I want to know what you would like in this game:

what city sizes?

what utilitys?

and if you want a isp as a service in game ?

i hope to be uploading the first photo of the game tomorrow.

any comments will be welcome.

spelling might not be the bast as i wrote this in 2 minutes due to end of school.


----------



## SrsX (Jan 24, 2014)

The real question is, why re-invent the wheel?

Yes, I'm going to be a dick here, but there is already so many games like this, all you're doing is wasting your own time.

What is going to make your little game unique? What is going to get people wanting to play it? What "niche" will it have? Besides it being a, well quite frankly, boring game.


----------



## Aldryic C'boas (Jan 24, 2014)

I think the real dick move would be inquiring as to how he has time to still do his VPS business if he's jumping into game development.


----------



## mtwiscool (Jan 24, 2014)

Aldryic C said:


> I think the real dick move would be inquiring as to how he has time to still do his VPS business if he's jumping into game development.


Just say i got alot of free time


----------



## NodeWest-Dan (Jan 24, 2014)

Large maps. Water, sewage, trash, electricity. I think Internet would be a cool addition. Oh no the internet a out and out goes a repair tech.

If you have played sim city 4. Maps that size or larger


----------



## texteditor (Jan 24, 2014)

simcity classic is the best simcity, there is/was open-source remakes of it but the botched it with terrible programmer art and a goofy UI


----------



## NodeWest-Dan (Jan 24, 2014)

I loved sim city classic. Also sim city 2000


----------



## MartinD (Jan 24, 2014)

*sigh*


Really?


----------



## mtwiscool (Jan 24, 2014)

MartinD said:


> *sigh*
> 
> 
> Really?


Yes


----------



## KuJoe (Jan 24, 2014)

I'm more interested in the food truck you'll be starting up next week when you lose interest in this idea.


----------



## SrsX (Jan 24, 2014)

KuJoe said:


> I'm more interested in the food truck you'll be starting up next week when you lose interest in this idea.


I wonder if they'll serve pizza. I could use some good pizza right now .


----------



## mtwiscool (Jan 24, 2014)

KuJoe said:


> I'm more interested in the food truck you'll be starting up next week when you lose interest in this idea.

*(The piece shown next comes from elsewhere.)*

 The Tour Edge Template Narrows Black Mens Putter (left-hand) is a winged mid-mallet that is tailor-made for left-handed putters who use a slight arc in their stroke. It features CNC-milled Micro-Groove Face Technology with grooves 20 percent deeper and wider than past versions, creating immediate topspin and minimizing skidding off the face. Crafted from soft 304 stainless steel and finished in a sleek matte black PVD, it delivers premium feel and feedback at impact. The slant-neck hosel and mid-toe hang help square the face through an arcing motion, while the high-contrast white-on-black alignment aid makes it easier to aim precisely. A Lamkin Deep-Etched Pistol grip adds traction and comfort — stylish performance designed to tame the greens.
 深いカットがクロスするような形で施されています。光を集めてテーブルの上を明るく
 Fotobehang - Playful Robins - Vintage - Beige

I still have the host being planned


----------



## SrsX (Jan 24, 2014)

mtwiscool said:


> I still have the host being planned


Uhm.... did you read what he wrote or?


----------



## Coastercraze (Jan 24, 2014)

KuJoe said:


> I'm more interested in the food truck you'll be starting up next week when you lose interest in this idea.


Call it IVA and give AVI a run for their money haha.


----------



## joepie91 (Jan 25, 2014)

Planning to make it open-source? Or just proprietary free?

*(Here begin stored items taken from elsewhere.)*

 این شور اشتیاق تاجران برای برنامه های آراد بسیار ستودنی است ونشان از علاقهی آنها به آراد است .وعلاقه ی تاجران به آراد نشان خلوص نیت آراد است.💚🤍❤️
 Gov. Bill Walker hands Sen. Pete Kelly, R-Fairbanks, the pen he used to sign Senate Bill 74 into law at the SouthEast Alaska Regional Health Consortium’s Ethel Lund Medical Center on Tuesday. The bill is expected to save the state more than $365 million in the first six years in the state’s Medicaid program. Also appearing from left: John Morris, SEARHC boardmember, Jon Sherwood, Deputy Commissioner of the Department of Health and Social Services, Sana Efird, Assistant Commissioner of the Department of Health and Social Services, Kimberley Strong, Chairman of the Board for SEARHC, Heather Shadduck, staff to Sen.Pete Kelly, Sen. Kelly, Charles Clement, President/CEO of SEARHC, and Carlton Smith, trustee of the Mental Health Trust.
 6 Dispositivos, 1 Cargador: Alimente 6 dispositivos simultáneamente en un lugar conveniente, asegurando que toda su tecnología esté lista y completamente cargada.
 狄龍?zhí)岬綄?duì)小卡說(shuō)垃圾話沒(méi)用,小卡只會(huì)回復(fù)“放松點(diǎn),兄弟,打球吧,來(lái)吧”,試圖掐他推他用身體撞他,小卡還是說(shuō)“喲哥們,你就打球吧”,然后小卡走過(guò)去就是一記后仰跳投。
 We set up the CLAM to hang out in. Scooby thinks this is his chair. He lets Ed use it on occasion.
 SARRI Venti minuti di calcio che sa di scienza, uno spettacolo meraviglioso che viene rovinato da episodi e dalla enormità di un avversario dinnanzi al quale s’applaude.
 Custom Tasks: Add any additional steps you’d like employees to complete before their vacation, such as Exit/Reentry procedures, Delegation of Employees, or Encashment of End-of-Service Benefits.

And will it actually be free-to-play, or a "nickle and dime" microtransaction model?


----------



## mtwiscool (Jan 25, 2014)

NodeWest-Dan said:


> Large maps. Water, sewage, trash, electricity. I think Internet would be a cool addition. Oh no the internet a out and out goes a repair tech. If you have played sim city 4. Maps that size or larger


Large map started 10x5km hope that's big enough?

Water: planned medium priority.

electricity: planned high priority.

sewage: planned low priority.

internet: planned medium priority.



joepie91 said:


> Planning to make it open-source? Or just proprietary free?
> 
> And will it actually be free-to-play, or a "nickle and dime" microtransaction model?


proprietary free

free-to-play with ads.

it's time for an screenshot 3 days into development:


----------



## mtwiscool (Jan 30, 2014)

Roadmap:

power(coming within 1 week)

water (coming within 1 week)

Jobs (within 2 weeks)

more planned as well.

and would you like the default view to be more zoomed in?

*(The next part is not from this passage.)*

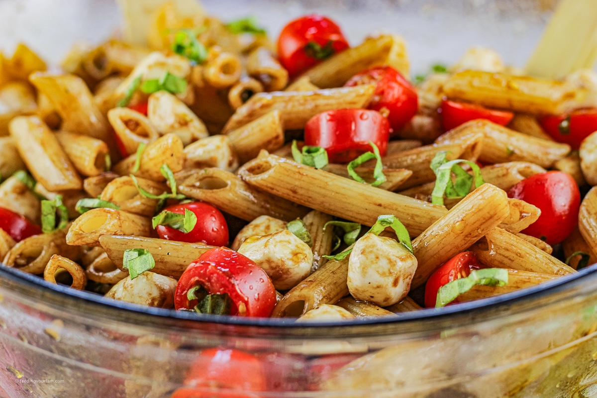 - Drain the pasta and rinse it under cold water to cool. In a large bowl, combine the pasta, tomatoes, basil, and mozzarella.
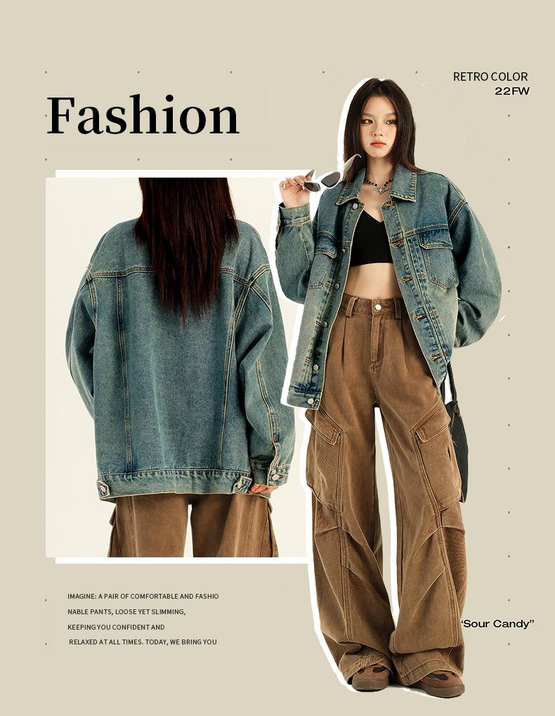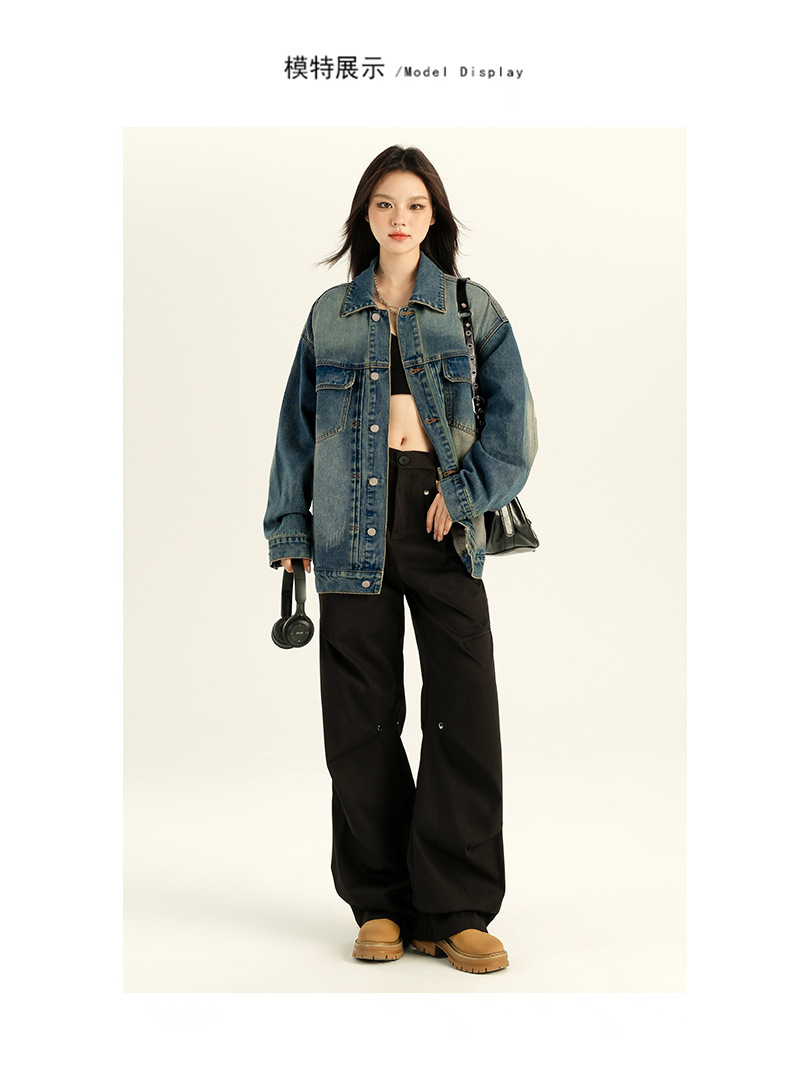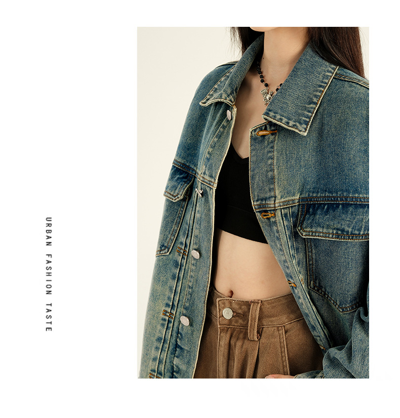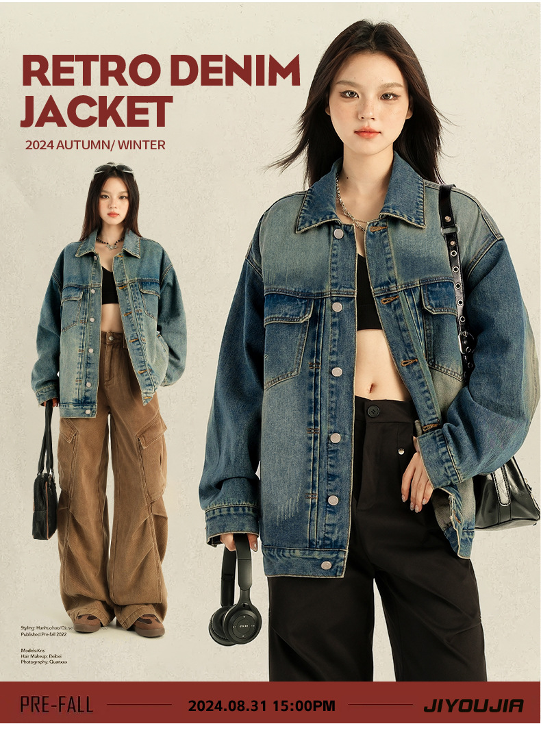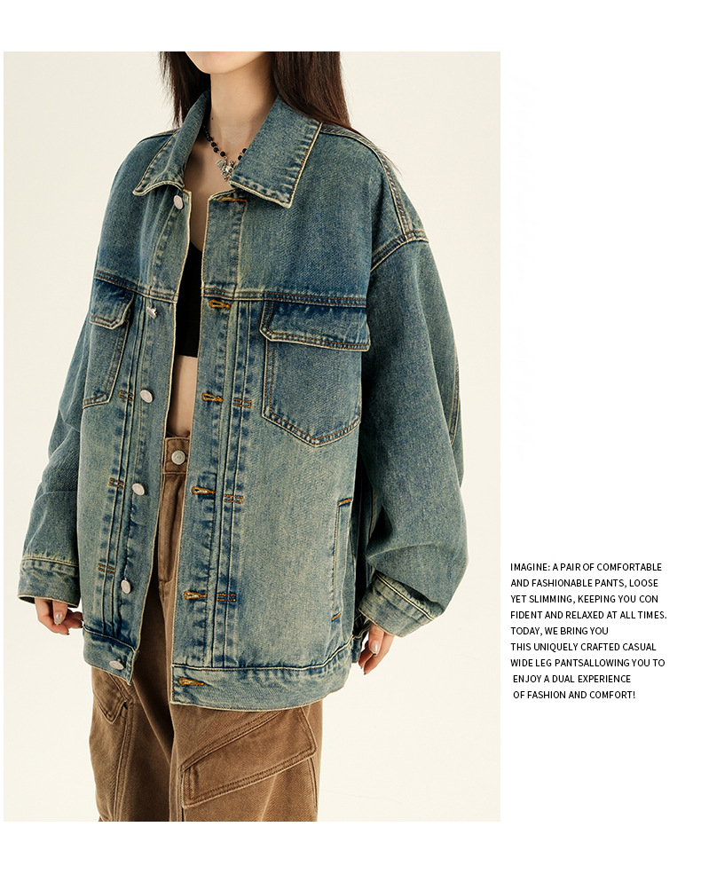 미국 스타일 데님 재킷 여성용 2025 가을 겨울 신상 레트로 루즈핏 드롭숄더 시크 만능 캐주얼 재킷 상의스토어 가기

new screenshot coming soon.


----------



## NodeWest-Dan (Jan 30, 2014)

I'd say make default view right
Above the City so i can see a good part of it but not all


----------



## mtwiscool (Jan 30, 2014)

NodeWest-Dan said:


> I'd say make default view right Above the City so i can see a good part of it but not all


the map size makes that hard 10km x 5km but it might work on smaller maps


----------



## DearLeaderJohn (Jan 31, 2014)

So what real development have you done apart from plop a random building down on an existing starter kit?


----------



## mtwiscool (Feb 1, 2014)

DearLeaderJohn said:


> So what real development have you done apart from plop a random building down on an existing starter kit?


thoses are my buildings.


----------